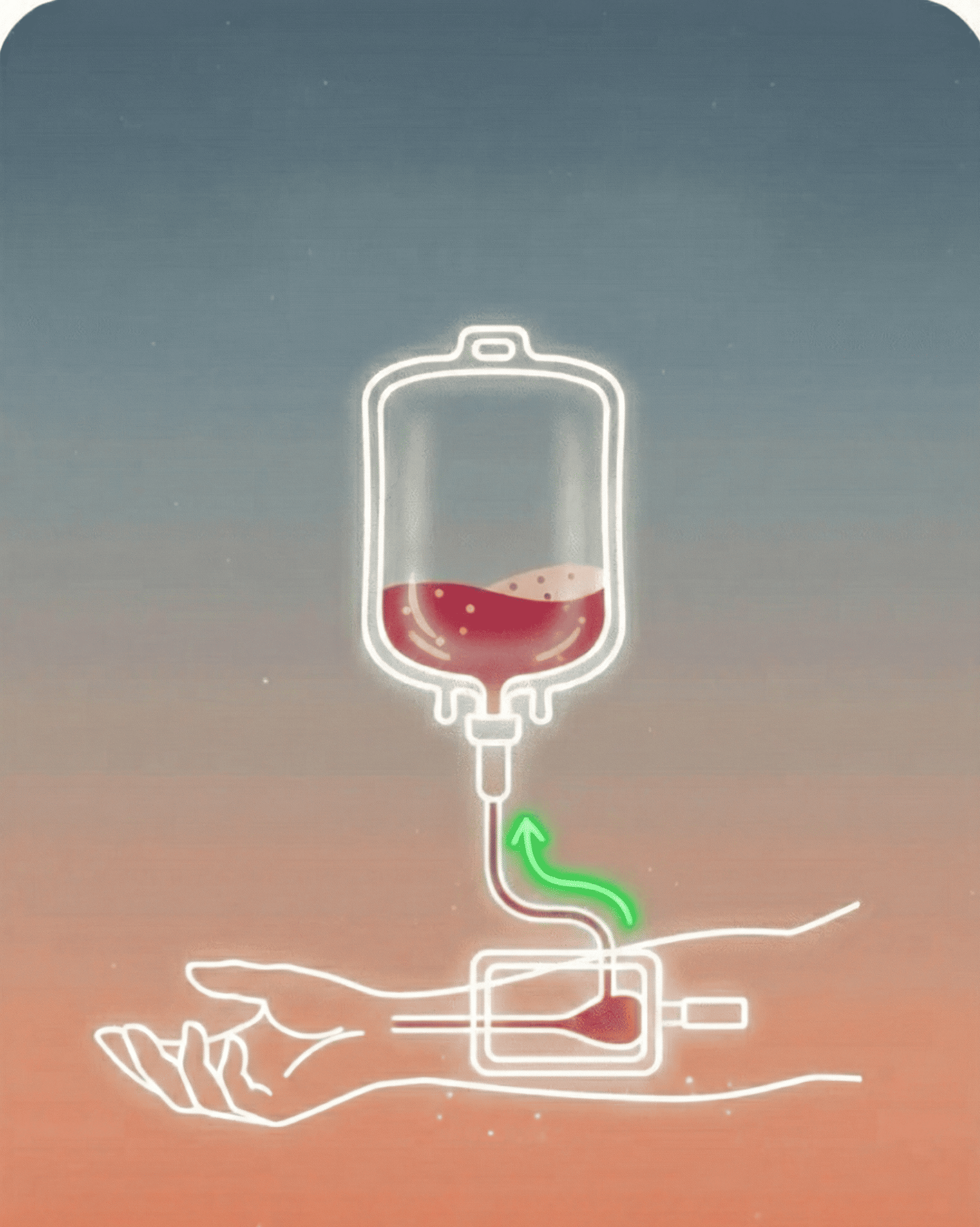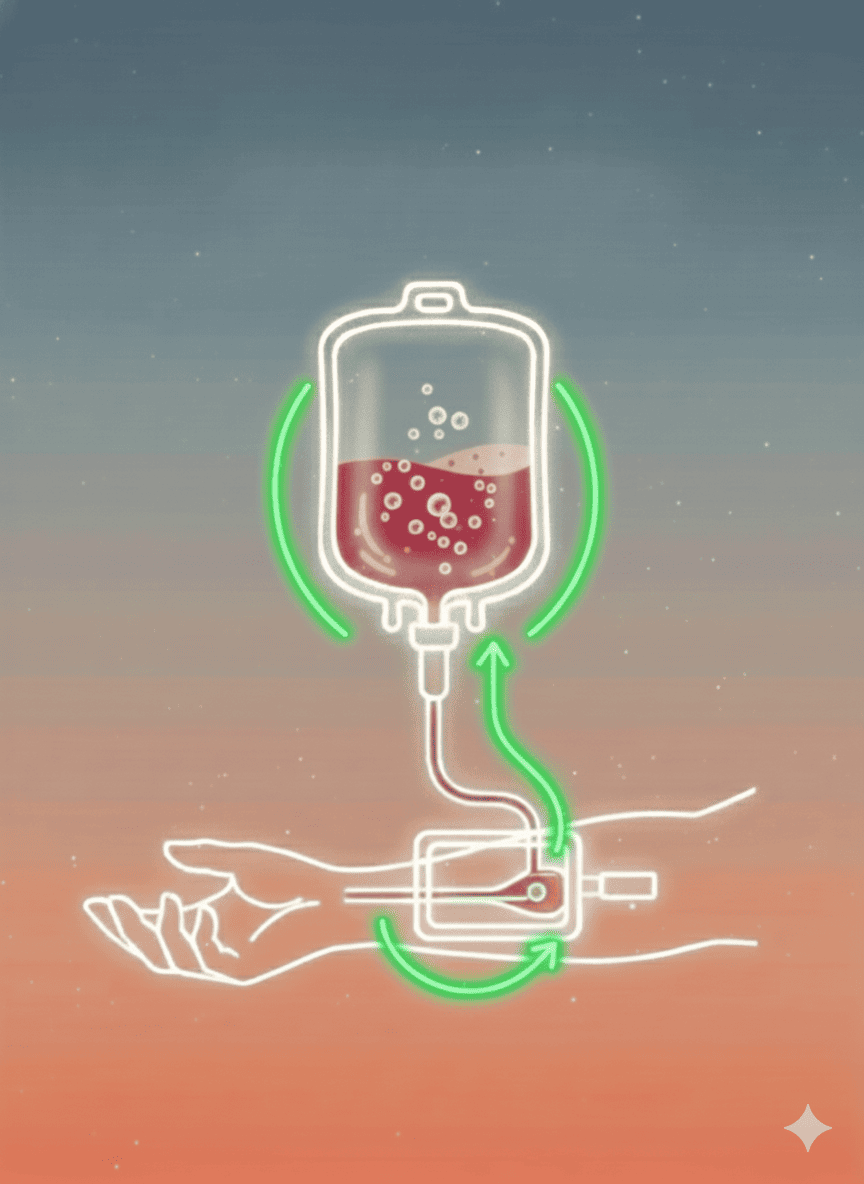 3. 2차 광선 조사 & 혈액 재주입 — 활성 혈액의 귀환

——————————

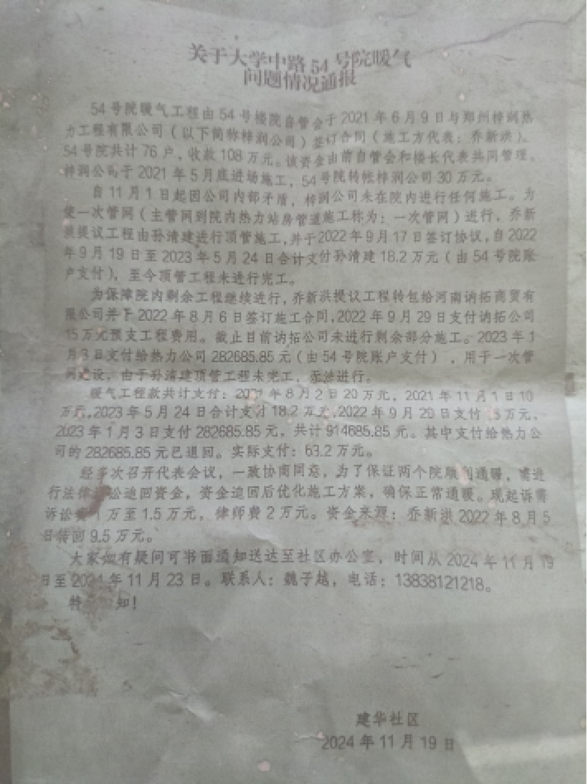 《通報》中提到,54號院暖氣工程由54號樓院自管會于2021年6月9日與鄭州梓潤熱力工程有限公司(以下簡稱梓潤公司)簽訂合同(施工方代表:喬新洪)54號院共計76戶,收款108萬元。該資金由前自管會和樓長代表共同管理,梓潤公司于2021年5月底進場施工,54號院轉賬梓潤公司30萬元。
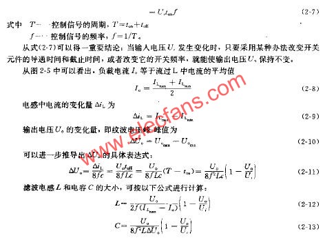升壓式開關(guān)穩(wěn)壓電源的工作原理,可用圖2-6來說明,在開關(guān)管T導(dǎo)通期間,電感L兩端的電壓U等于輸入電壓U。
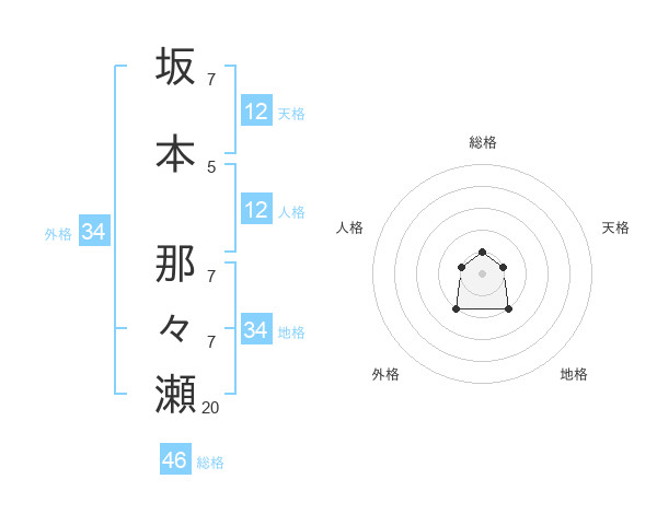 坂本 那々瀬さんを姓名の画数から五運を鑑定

——————————

#### Task description
The output is the stretch above from the line with "升壓式開關(guān)穩(w" through the line with "坂本 那々瀬さんを姓名の画数から五運を鑑定", copied word for word with both ends kept and every picture dropped.

#### Solution for this task
升壓式開關(guān)穩(wěn)壓電源的工作原理,可用圖2-6來說明,在開關(guān)管T導(dǎo)通期間,電感L兩端的電壓U等于輸入電壓U。
 坂本 那々瀬さんを姓名の画数から五運を鑑定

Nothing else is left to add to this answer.